Leaving out all pictures, retype the records exactly.

(Available records Opens)

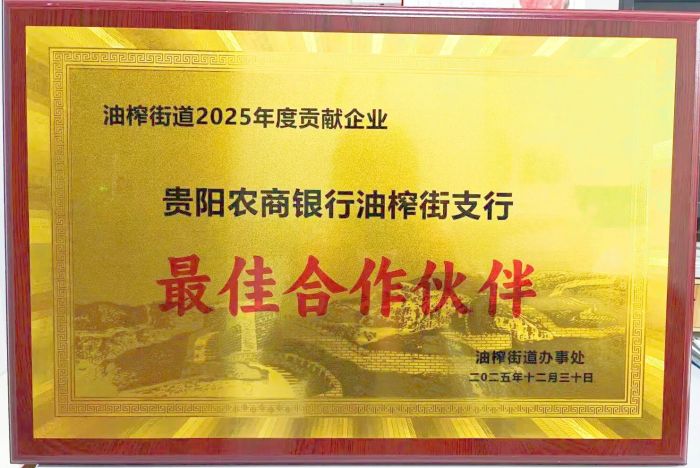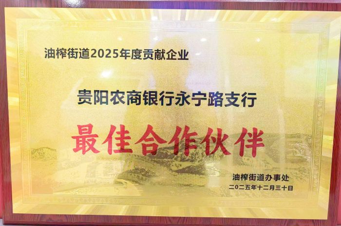 近日,贵阳市南明区油榨街道2025年度“贡献企业最佳合作伙伴”评选结果揭晓,贵阳农商银行油榨街支行与永宁路支行双双入选。
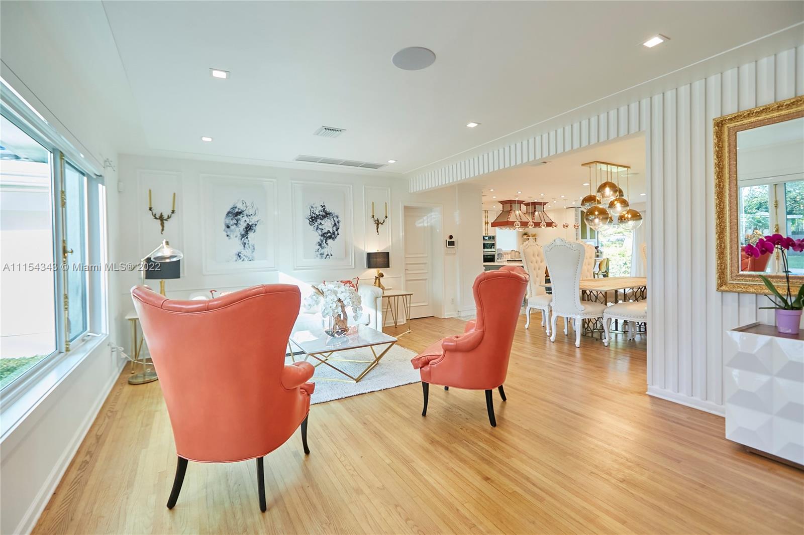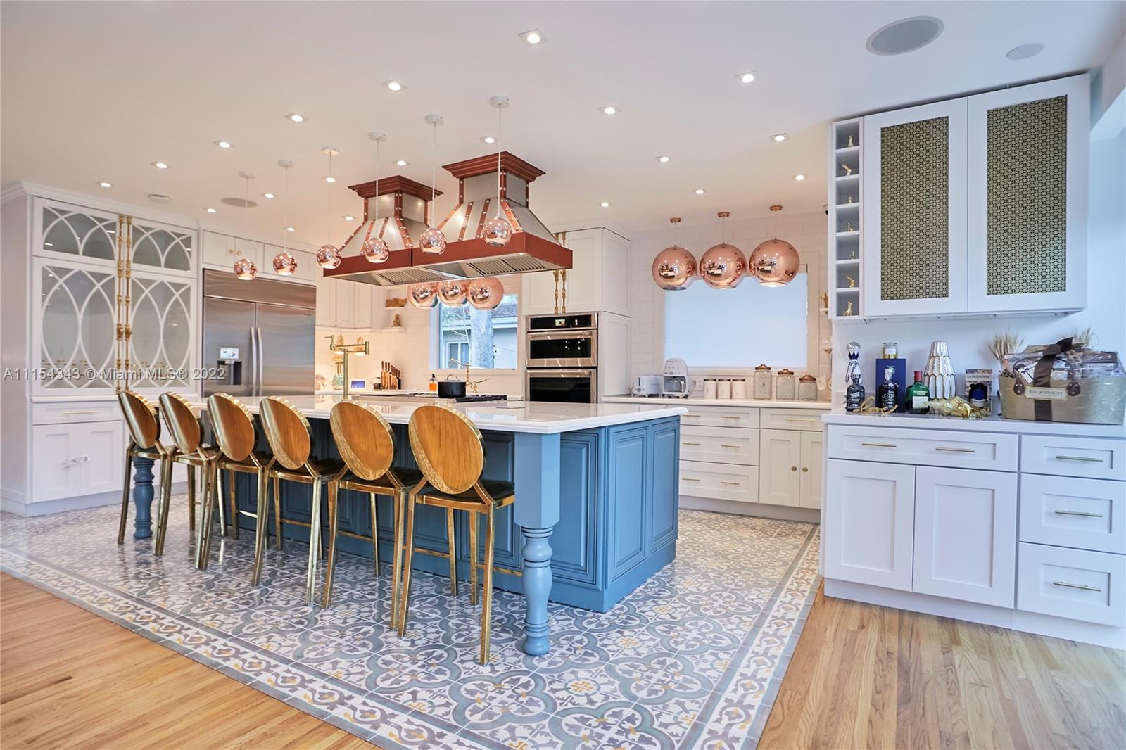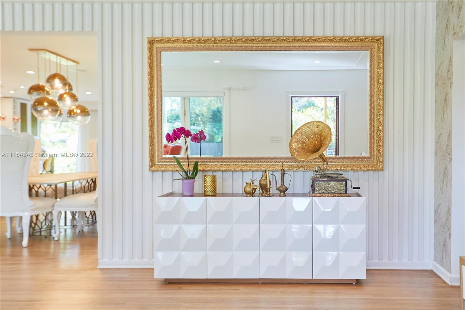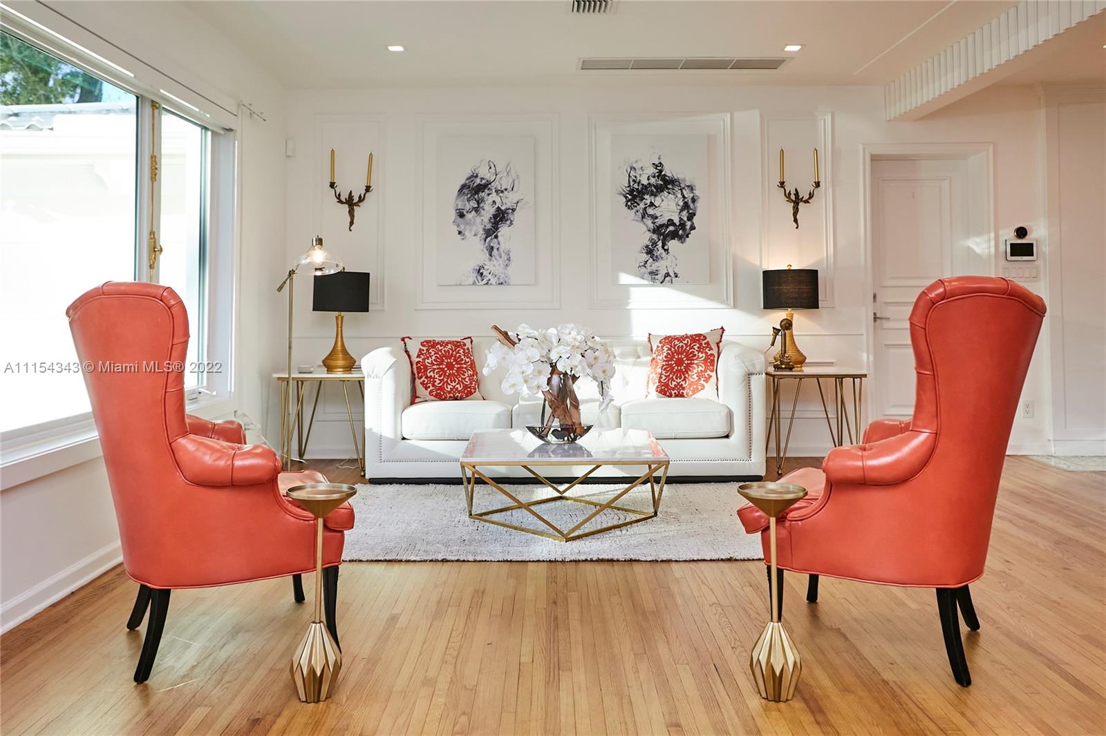 The Deco Baroque House, a unique renovated mid-century modern designer home with deco baroque accents, spacious master suite with large walking closet; spa shower and imperial-shaped tub with handmade mosaic floors. Two guest bedrooms, 3 1/2 rococo-style baths, elegant open living room, formal dining, spectacular gourmet kitchen with high-end appliances and media room. Luxury hardwood floors throughout; wired audio/theater system; wall fences, customized gates & electric car charger. You’ll be proud to call this Miami Shores charmer your home... and be around great schools, close to restaurants, shops and golf course. This property has an unspoiled authenticity & royal architectural value perfect for discerning art & design aficionados.
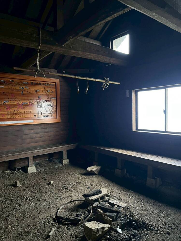強風の為、霊仙山避難小屋で食事をとりながら冷えた身体を温めてひと休み。
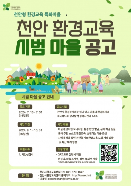 [세종타임즈] 천안시와 천안시환경교육센터는 31일까지 ‘환경교육 시범 마을’ 사업에 참여할 행정복지센터를 모집한다.
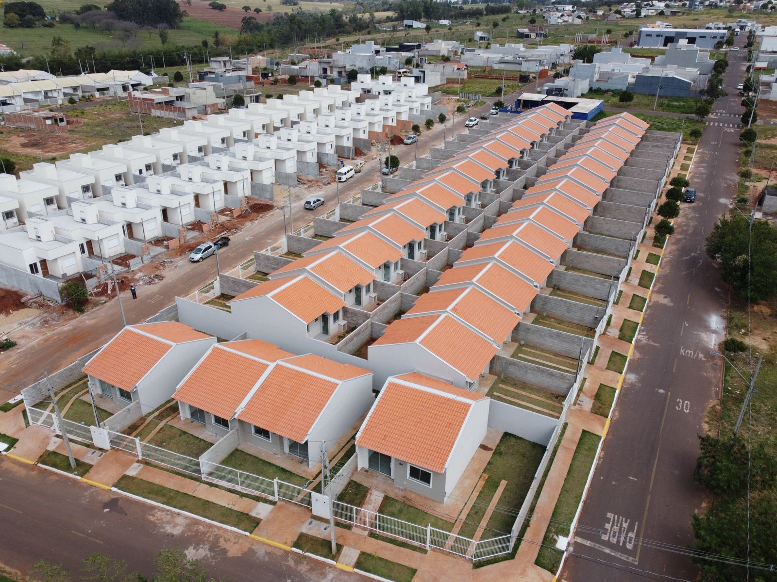 O modelo arquitetônico dos imóveis é padrão, formado por dois dormitórios, sala, cozinha, banheiro, área de serviço externa e espaço para garagem.
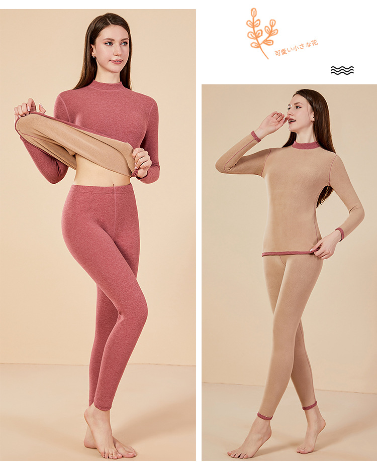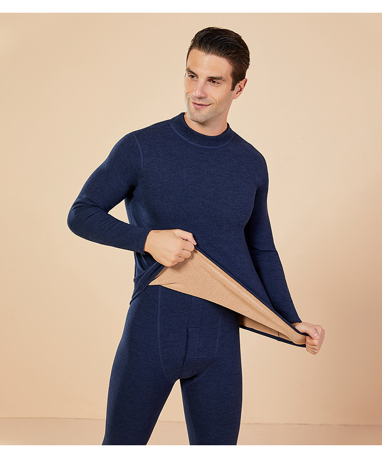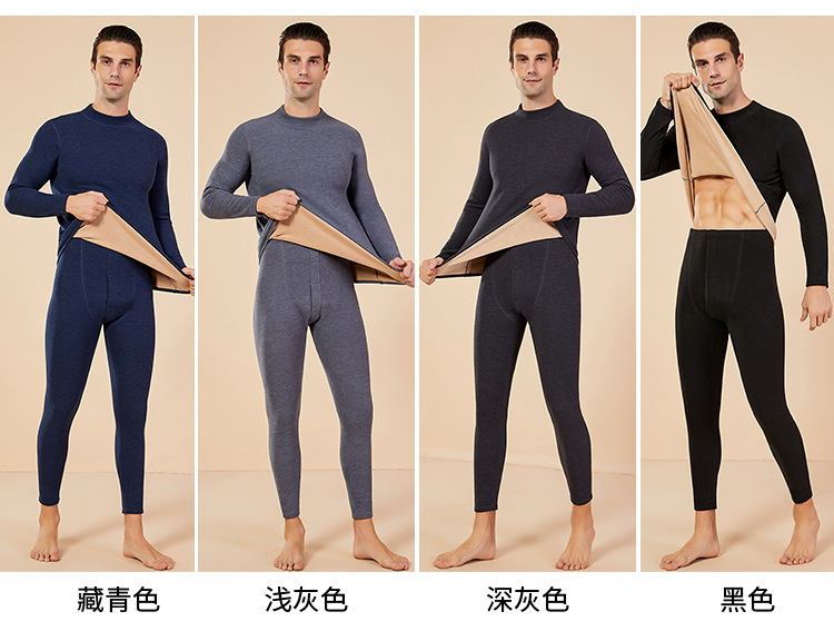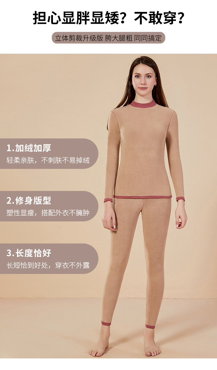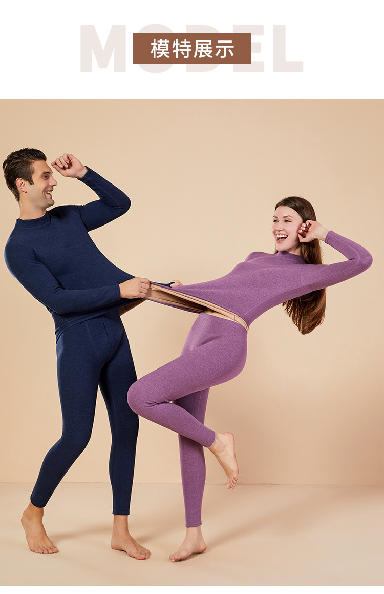 보온 내의 신상 양털 가을옷 세트, 두꺼운 보온 기능, 큰 사이즈, 반목 칼라, 남녀 커플 세트스토어 가기

(Available records Closes)

● Reply
 近日,贵阳市南明区油榨街道2025年度“贡献企业最佳合作伙伴”评选结果揭晓,贵阳农商银行油榨街支行与永宁路支行双双入选。
 The Deco Baroque House, a unique renovated mid-century modern designer home with deco baroque accents, spacious master suite with large walking closet; spa shower and imperial-shaped tub with handmade mosaic floors. Two guest bedrooms, 3 1/2 rococo-style baths, elegant open living room, formal dining, spectacular gourmet kitchen with high-end appliances and media room. Luxury hardwood floors throughout; wired audio/theater system; wall fences, customized gates & electric car charger. You’ll be proud to call this Miami Shores charmer your home... and be around great schools, close to restaurants, shops and golf course. This property has an unspoiled authenticity & royal architectural value perfect for discerning art & design aficionados.
強風の為、霊仙山避難小屋で食事をとりながら冷えた身体を温めてひと休み。
 [세종타임즈] 천안시와 천안시환경교육센터는 31일까지 ‘환경교육 시범 마을’ 사업에 참여할 행정복지센터를 모집한다.
 O modelo arquitetônico dos imóveis é padrão, formado por dois dormitórios, sala, cozinha, banheiro, área de serviço externa e espaço para garagem.
 보온 내의 신상 양털 가을옷 세트, 두꺼운 보온 기능, 큰 사이즈, 반목 칼라, 남녀 커플 세트스토어 가기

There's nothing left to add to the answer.